I'm not much of a stickler on making the bed because mine is usually not made either. :smileytongue:

iVillage Member
Registered: 04-08-2008
Thu, 08-23-2012 - 1:12pm
My kiddos do chores each day. I think it teaches them responsibility. Also, they are a part of the family, so they need to pitch in and help like the rest of us.

I make up a chore chart for them and we rotate duties. Some of the things they do: feed the dogs, empty trash cans in the office and bathrooms, clean up toys/rooms and make their beds, empty the dishwasher, and wiping down the bathroom counters. Usually they are responsible for about 3 things each day and they do their chores in the afternoon and/or after school. We don't have enough time in the mornings as it is. I can't imagine adding chores to the morning rush!

iVillage Member
Registered: 01-05-2005
Fri, 08-24-2012 - 12:18pm

My kids have chores to varying degrees. My thought is that everyone helps out to the extent that he/she is able. Dh does a TON - I never pick up after him (he's more likely to pick up after everyone else). Dd21 is a bit of a slob and she doesn't make her bed (please, she can't even find it). She pretty much just does what she needs to do (washes her clothes, cleans the bathroom because she messes it up, cooks and cleans up after herself in the kitchen). Ds12 and ds10 "straighten" their beds. Bunkbeds (and the top has a permanent rail) are hard to make, so they just need to smooth it all out, clear it off, etc. They can both put in/transfer laundry, pick up, vacuum, dust, and do the dishes. Our rule is that no one leaves the kitchen until it is clean. I usually mow because dh has a bad back and I like mowing. We tried teaching ds12 this summer but he's not strong enough. The boys are quite good and responsible with chores. We tend to do a lot of "group" cleaning - everyone cleans up after dinner, we all clean the house on a Saturday morning, etc. Dd19 is away at college, but she is fairly neat and  does a lot.

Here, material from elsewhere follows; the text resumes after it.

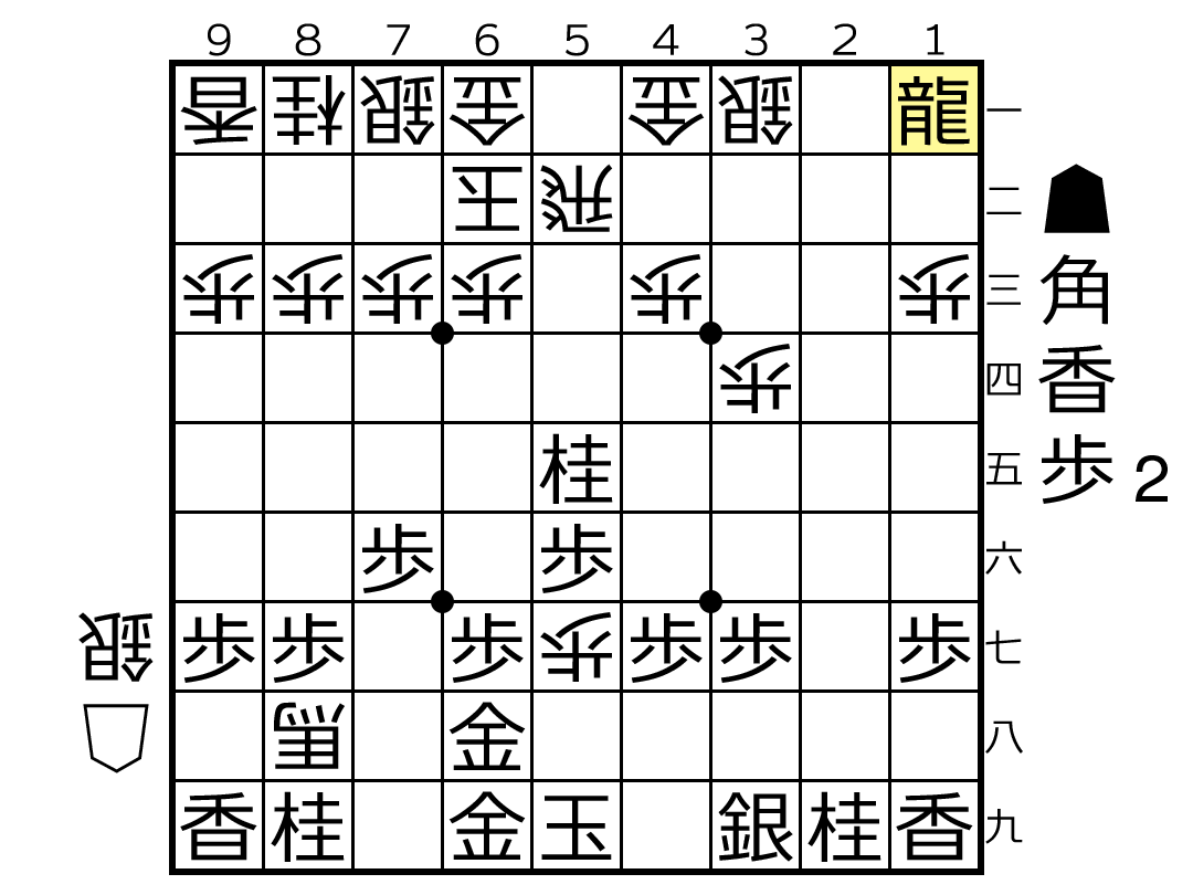 第4図は☗1一竜に☖8九馬と桂馬を取った局面。☖5七歩☗6八金寄の交換が入っていない従来型だと、☖9九馬と香車を取る手が定跡だった。ただし、第4図で香車を取ると☗7七桂と跳ねる手があり、これは☖5七歩の利かしが先手にプラスに働く展開になる。

I don't really understand the "let him be a boy" unless you are seriously overworking the kid. Of course I don't expect my kids to do as much as I and DH do, but they should be responsible. Last year ds12 had a time in school and with activities where he was really swamped, so he didn't do as much. Today after school, ds10 has both baseball and soccer practice, so I doubt he'll clean up, but that's just common sense.

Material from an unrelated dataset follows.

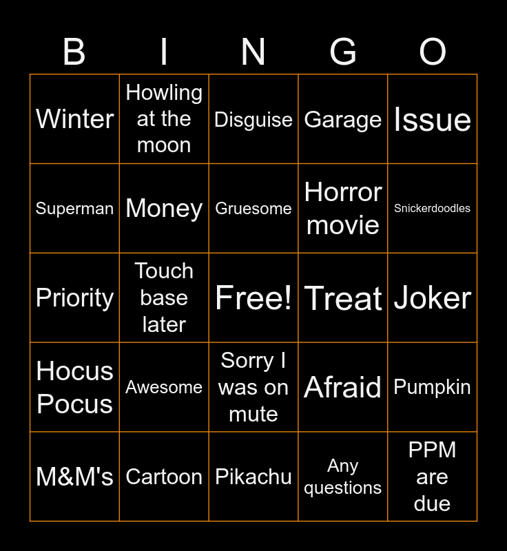This bingo card has a free space and 190 words: Scream, Haunted House, Orange, Fall, Pumpkin, Bobbing for Apples, October, Scary, Full Moon, Fun, Flashlight, Black Cat, Bats, Fear, Treat, Chocolate, Sorry I was on mute, Ghost, Spooky, Candy Apple, Mummy, Scarecrow, Boo, Monsters, Pumpkin, Music, Cemetary, Candy Corn, Black, Broom, Witch, Halloween, Spiders, Celebrate, Trick-or-Treat, Dead, Fires, Costume, Decorated, Makeup, Wig, Sorry I'm late, OMG, What a great costume, You are on mute, Any questions, What do you think, Next month, Holidays, Fall, Winter, Sports, Movie, Pumpkin Spice, Corn mazes, Snickers, Kit-Kat, M&M's, Skittles, Jolly Ranchers, Money, Prize, Best costume, Peanut butter, Steven King, Horror movie, Chat, PPM are due, Let's take this offline, Touch base later, In my opinion, Keep doing what you're doing, Awesome, Think outside the box, Thank you, The CREW, Issue, Risk, Safety, Quality, Serenity, Fun, Crafts, Candle, Fireplace, Snacks, Popcorn, Snickerdoodles, Breathe, Stretch, Priority, So many fires, Project, Monthly Reports, Update, What's new, Progress, Next topic, Comic, Cartoon, Timeout, Jack-o-lantern, Afraid, Evil, Eerie, Gruesome, Nightmare, Cauldron, Frightening, Darkness, Horrify, Disguise, Petrify, Terrify, Tombstone, Cobweb, Ghoulish, Hocus Pocus, Magic, Haunt, Howl, Dress-up, Candy, Monster Mash, Ghostbusters, Thriller, Superstition, Somebody's watching me, Gummy worms, Crypt, Wolf, Cast a spell, Voodoo doll, Psycho, Have a beer, Drink some wine, Decorations, Kitchen, Garage, Rake the leaves, Jump in the leaves, Cider, Donuts, Marshmallows, Hot chocolate, Pumpkin Pie, Roasted Pumpkins Seeds, Foggy, Shadow, Full moon, Howling at the moon, Dracula, Blood, Princess, Pirate, Pikachu, When I was a kid, When I was a teenager, Pokemon, Monopoly, Twister, Beanie Babies, Furby, Power Ranger, Bop-it, Walkman, Action Figures, Tickle Me Elmo, Nintendo, Too much sugar, Lego's, Fidget Spinner, Easy Bake Oven, Yoda, Barbie Movie, Harry Potter, Superman, Mickey Mouse, Minnie Mouse, Spiderman, Scooby-Doo, Joker, King Kong, Hello Kitty, Hulk, Charlie Brown, Gru, Minion, Casper and Transylvania.

Dh can't believe how little most men do; he says he'd be mortified to have his wife cleaning up after him, or to be sitting around watching a football game while I fold laundry. He predicts that our sons' wives will be thanking us, but that our daughters are in for a rude awakening. Dh is very "mom like" in that he will say he's going to bed, then start the dishwasher, double check that one of the kids has a permission slip, remind me to call my sister in the morning because it's her birthday... I don't think most men are like that (and dh works 60 hours a week while I am a sahm). Teach your boys well - dh used to laugh and say, "wow, I never knew that cleaning the kitchen and remembering that ds needed new cleats was such an aphrodisiac." But it is... it really is....

iVillage Member
Registered: 06-02-2007
Tue, 08-28-2012 - 3:10am
How old are your boys? Do they complain or whine about doing them? Also, do you give them an allowance?
Avatar for sunset5000
Community Leader
Registered: 10-10-2007
Tue, 08-28-2012 - 1:19pm

Hello everyone,

I am new to this board, as my son will turn 8 yrs. old in October.

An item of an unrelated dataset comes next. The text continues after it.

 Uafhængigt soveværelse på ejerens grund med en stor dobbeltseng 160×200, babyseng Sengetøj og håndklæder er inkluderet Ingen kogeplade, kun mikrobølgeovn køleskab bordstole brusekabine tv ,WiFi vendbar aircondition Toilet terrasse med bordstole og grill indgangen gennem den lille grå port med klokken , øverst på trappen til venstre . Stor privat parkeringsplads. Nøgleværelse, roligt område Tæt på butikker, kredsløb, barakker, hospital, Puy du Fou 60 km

This is a good topic and I was glad to learn that it sounds like most of you do the same thing we just started doing a month ago with our son.

He also:  has to put his dirty cloths in his basket, bring his dirty dishes to the counter/sink, throw away any wrappers on the table when he has a snack. He takes a big trash bag and goes through the house to the little trash cans in the bathrooms and the office and empties them 4 days a week.  I use to make him make his bed, but as someone else mentioned, it is hard to make the top of a bunk bed sometimes :smileyhappy:

I have a chore chart I got at Target, but have not used it yet.  My husband started a allowance for the various chores I mentioned.  We are still deciding what amount of money per chore is appropriate.  We had got to the point of doing the allowance because we want him to understand money (he has a hard time understanding why mommy or daddy doesn't have much money on a given week).  And, he does not realize that many kids do not get toys as often as our kids do.  Yes, I admit, I spoil and now I am paying for it, trying to make him be appreciative and not expect toys.  Sorry if that sounds snobby.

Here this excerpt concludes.